Cuando en 1994 se estrenaba la conmovedora película Il Postino, con la actuación de Massimo Troisi (Mario Ruoppolo), en el papel de un humilde y carismáticos cartero de una minúscula isla italiana, lejos estábamos de imaginar que por esos mismo años el correo postal, tal cual lo conocíamos, estaba a las puertas de una erupción de magnitudes estrombolianas.
La aparición del correo electrónico, que en sus primeros años se popularizó de la mano de proveedores como Hotmail y Yahoo, hizo pensar que el futuro del sistema postal estaba condenado a la extinción a medida que las direcciones electrónicas proliferaban por todo el mundo.
Nuestro país, por supuesto, se sumó pocos años más tarde a esa corriente, y el futuro de la Dirección General de Correos (hoy Correos de Costa Rica), estaba en dudas. A inicios de siglo casi habría jurado que por estas épocas la empresa postal no sería más que un recuerdo, cuyo principal vestigio se apreciaría en la arquitectura de un longevo edificio en el corazón de San José.
Estaba equivocado. En la empresa estatal hicieron una lectura correcta del entorno tecnológico, de las amenazas al negocio, y supieron identificar bien las oportunidades. A comienzos de diciembre, publicamos el reportaje Microempresas prosperan con el comercio en línea y la entrega de paquetes, en el cual se aborda uno de los varios servicios donde la empresa ha logrado insertarse, con resultados positivos hasta la fecha: ofrecer la logística para que miles de emprendedores logren entregar sus productos en todo el país, por medio tarifas que hagan competitiva su actividad comercial.
A 25 años del estreno de Il Postino, Correos de Costa Rica recobró los números negros. Genera utilidades, pero su mezcla de ingresos tuvo que cambiar: la entrega de cartas (antes su principal actividad) está en el tercer lugar, superada por los servicios de paquetería y el centro de llamadas que, en ese orden, son los dos principales rubros en importancia.
En particular, esta historia de negocios me parece fascinante. Un digno caso de estudio. Empresarios grandes y pequeños pueden sacar valiosos lecciones, como la importancia de identificar cuál es, en escencia, la actividad vital de su empresa. ¿Será acaso entregar cartas de papel? O más bien, proveer una extensa red logística, que permita hacer llegar todo clase de bienes físicos de un punto a otro, en un tiempo reducido, y con un costo razonable.
La siguiente lección, para mí, es entender cómo mi actividad principal, amenazada por un cambio tecnológico, puede insertarse o vincularse, precisamente, a esa nueva tendencia que está demostrando un mejor desempeño y amplias oportunidades a futuro. Al final, Internet y la mensajería instantánea, que parecían echar tierra sobre la tumba de los servicios postales, se convirtieron en sus redentores por medio de las compras en línea (el ecommerce).

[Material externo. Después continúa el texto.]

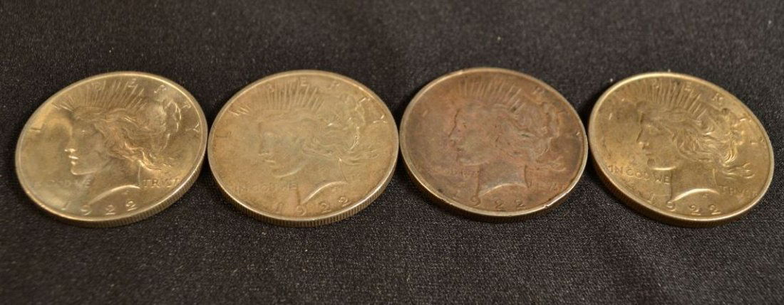 Four 1922 Peace silver dollars: three Denver Mint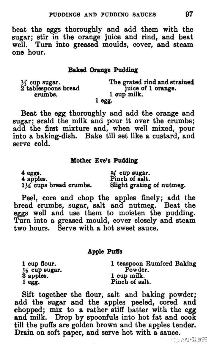 下面是 1908 年食谱书中“布丁”部分的一页:

Estas lecciones no solo aplican a empresas. También sirven para los trabajadores que se enfrentan a un mercado laboral que cambia a ritmo muy vertiginoso: el empleo formal tal cual lo conocemos será más escaso; la economía colaborativa permite organizar de forma distinta la prestación de servicios; las barreras geográficas e idiomáticas se vuelven difusas y la automatización de procesos destruye (modifica) muchos empleos y crea otros tantos.
Las escenas de Mario Ruoppolo en bicicleta, recorriendo su isla a través de cuestas pedregosas, con el mar, los riscos y acantilados de fondo, siguen vigentes, casi inalterables, en la retina. Las empresas, sin embargo, no pueden darse el lujo de quedarse inmóviles, pues el guión cambia a cada momento.